Entre tensions politiques et passions populaires : le Québec, la France et les États-Unis au cœur de l’actualité
Le Canadien de Montréal a fait vibrer ses partisans avec une victoire historique de 3-2 en prolongation lors du match ultime numéro 7 contre les Sabres de Buffalo. Ce triomphe du CH a déclenché d’importantes célébrations au centre-ville de Montréal, où l’ambiance festive a toutefois été marquée par quelques débordements.
Pendant ce temps, la visite de la première ministre québécoise Christine Fréchette en France continue de faire réagir, notamment autour du controversé Programme de l’expérience québécoise (PEQ). Lors d’une rencontre à huis clos avec la présidente de l’Assemblée nationale française, Yaël Braun-Pivet, et plusieurs élus français, un député a directement interpellé Mme Fréchette sur l’abolition du programme ainsi que sur sa promesse de le rouvrir pendant deux ans.
L’entourage de la première ministre n’a pas dévoilé l’identité du député concerné, mais a précisé que Mme Fréchette avait présenté sa « nouvelle approche du PEQ » en réponse aux inquiétudes exprimées. Créé en 2010, le PEQ avait été modifié sous la responsabilité de Christine Fréchette lorsqu’elle occupait le poste de ministre de l’Immigration. Ce programme offrait une voie accélérée vers la résidence permanente pour les étudiants étrangers diplômés au Québec et les travailleurs étrangers temporaires établis dans la province.

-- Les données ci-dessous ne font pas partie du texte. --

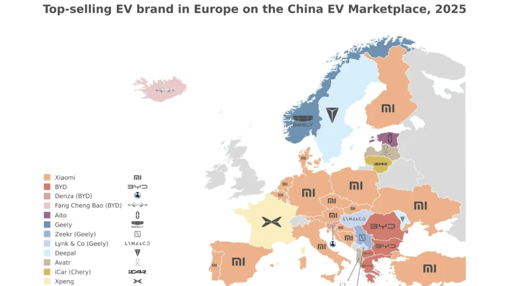 China EV Marketplace är en plattform som fungerar som mellanhand för att importera kinesiska elbilar. Där kan kunder beställa och importera kinesiska bilar. Enligt en rapport från företaget toppade Xiaomi listan som det mest importerade kinesiska elbilsmärket 2025 via direktimport – i flera europeiska länder. Bland annat större länder som Tyskland och Spanien. Men även i 13 andra EU‑länder.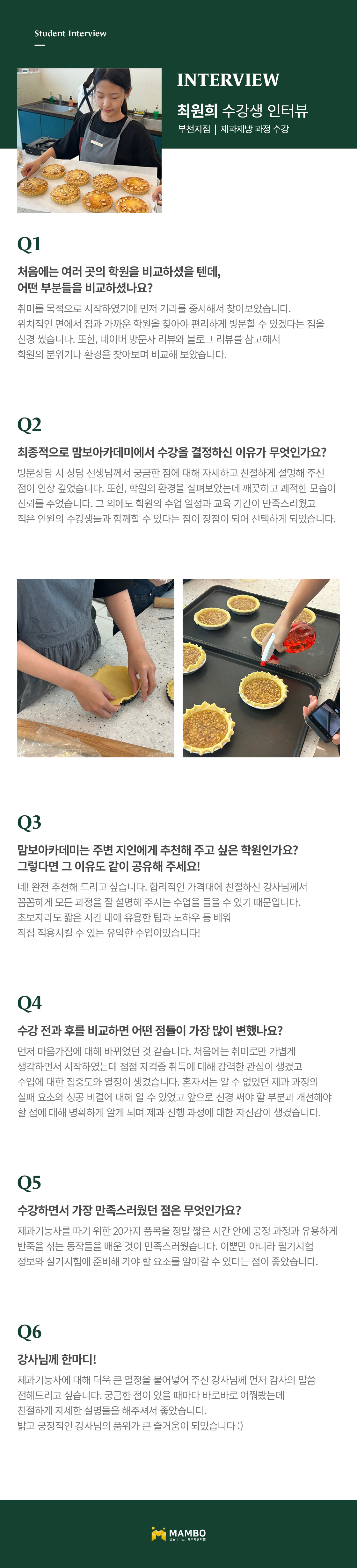 제1조 (개인정보 수집에 대한 동의)맘보교육그룹(이하 회사)는 이용자들이 회사의 개인정보취급방침 또는 이용약관의 내용에 대하여 “동의”버튼 또는 “취소”버튼을 클릭할 수 있는 절차를 마련하여, “동의”버튼을 클릭하면 개인정보 수집에 대해 동의한 것으로 봅니다. 제2조 (개인정보 수집항목) 온라인 문의를 통한 상담을 위해 처리하는 개인정보 항목은 아래와 같습니다. 수집항목 : 성명, 이메일, 전화번호 제3조 (개인정보의 이용목적) 회사는 이용자의 사전 동의 없이는 이용자의 개인 정보를 공개하지 않으며, 원활한 고객상담, 각종 서비스의 제공을 위해 아래와 같이 개인정보를 수집하고 있습니다. 모든 정보는 상기 목적에 필요한 용도 이외로는 사용되지 않으며 수집 정보의 범위나 사용 목적, 용도가 변경될 시에는 반드시 사전 동의를 구할 것입니다. - 성명 : 제품상담에 따른 본인 확인 - 이메일, 전화번호 : 제품상담 및 이벤트 관련 고지사항 전달, 새로운 서비스 및 신상품 정보 제공(DM, SMS, 이메일 등 이용) 이용자는 개인정보의 수집/이용에 대한 동의를 거부할 수 있습니다. 다만, 동의를 거부하는 경우 온라인 문의를 통한 상담은 불가하며 서비스 이용 및 혜택 제공에 제한을 받을 수 있습니다. 제4조 (개인정보의 보유 및 이용기간) 원칙적으로 개인정보 수집 및 이용목적이 달성된 후에는 해당 정보를 지체 없이 파기합니다. 그리고 상법, 전자상거래 등에서의 소비자보호에 관한 법률 등 관계법렵의 규정에 의하여 보존할 필요가 있는 경우 회사는 관계법령에서 정한 일정한 기간 동안 정보를 보관합니다. 이 경우 회사는 보관하는 정보를 그 보관의 목적으로만 이용하며 보존기간은 아래와 같습니다. - 계약 또는 청약철회 등에 관한 기록 : 5년(전자상거래등에서의 소비자보호에 관한 법률) - 소비자의 불만 또는 분쟁처리에 관한 기록 : 3년(전자상거래등에서의 소비자 보호에 관한 법률) - 시용정보의 수집/처리 및 이용 등에 관한 기록 : 3년(신용정보의 이용 및 보호에 관한 법률) - 회사는 귀중한 이용자의 개인정보를 안전하게 처리하며, 유출의 방지를 위하여 다음과 같은 방법을 통하여 개인정보를 파기합니다. - 종이에 출력된 개인정보는 분쇄기로 분쇄하거나 소각을 통하여 파기합니다. - 전자적 파일 형태로 저장된 개인정보는 기록을 재생할 수 없는 기술적 방법을 사용하여 삭제합니다.

La mission française de Christine Fréchette a également suscité des critiques sur le plan diplomatique. L’analyste politique Emmanuelle Latraverse estime que la première ministre a commis une erreur en évoquant publiquement la possibilité de promouvoir Montréal auprès du président Emmanuel Macron dans le cadre de la future Banque de la défense.
Selon Mme Latraverse, cette démarche traduisait « un manque de flair diplomatique ». Elle souligne qu’il aurait été plus approprié d’aborder ce sujet en privé plutôt que publiquement, au risque de créer des attentes impossibles à satisfaire. L’analyste rappelle également qu’Emmanuel Macron ne peut pas intervenir publiquement dans une décision qui relève du gouvernement canadien dirigé par le premier ministre Mark Carney.
Elle considère aussi que la tentative de rectification de l’entourage de Mme Fréchette a accentué le malaise. Le délégué du Québec à Paris, Henri-Paul Rousseau, aurait même désavoué indirectement la première ministre en rappelant qu’un chef d’État étranger ne peut se prononcer sur des décisions internes sans que cela soit perçu comme de l’ingérence.
Aux États-Unis, l’attention politique se tourne vers le Kentucky, où se déroule l’une des primaires républicaines les plus surveillées et les plus coûteuses de l’histoire récente. Le représentant Thomas Massie, surnommé par certains « le dernier homme libre de Washington », tente de conserver son siège malgré les pressions grandissantes au sein du Parti républicain.
Connu pour ses positions indépendantes et ses désaccords fréquents avec Donald Trump, Massie affirme résister depuis des années aux tentatives d’influence politique. « Ils ont tenté d’acheter mon vote pendant 14 ans, mais il n’était pas à vendre. Maintenant, ils essaient d’acheter mon siège », a-t-il déclaré à la veille du scrutin.
Dans les petites communautés du nord-est du Kentucky, plusieurs électeurs voient en lui un homme de principe qui défend les intérêts de sa région avant ceux de son parti. Cette primaire est désormais perçue comme un test majeur pour mesurer l’influence actuelle de Donald Trump sur le Parti républicain américain.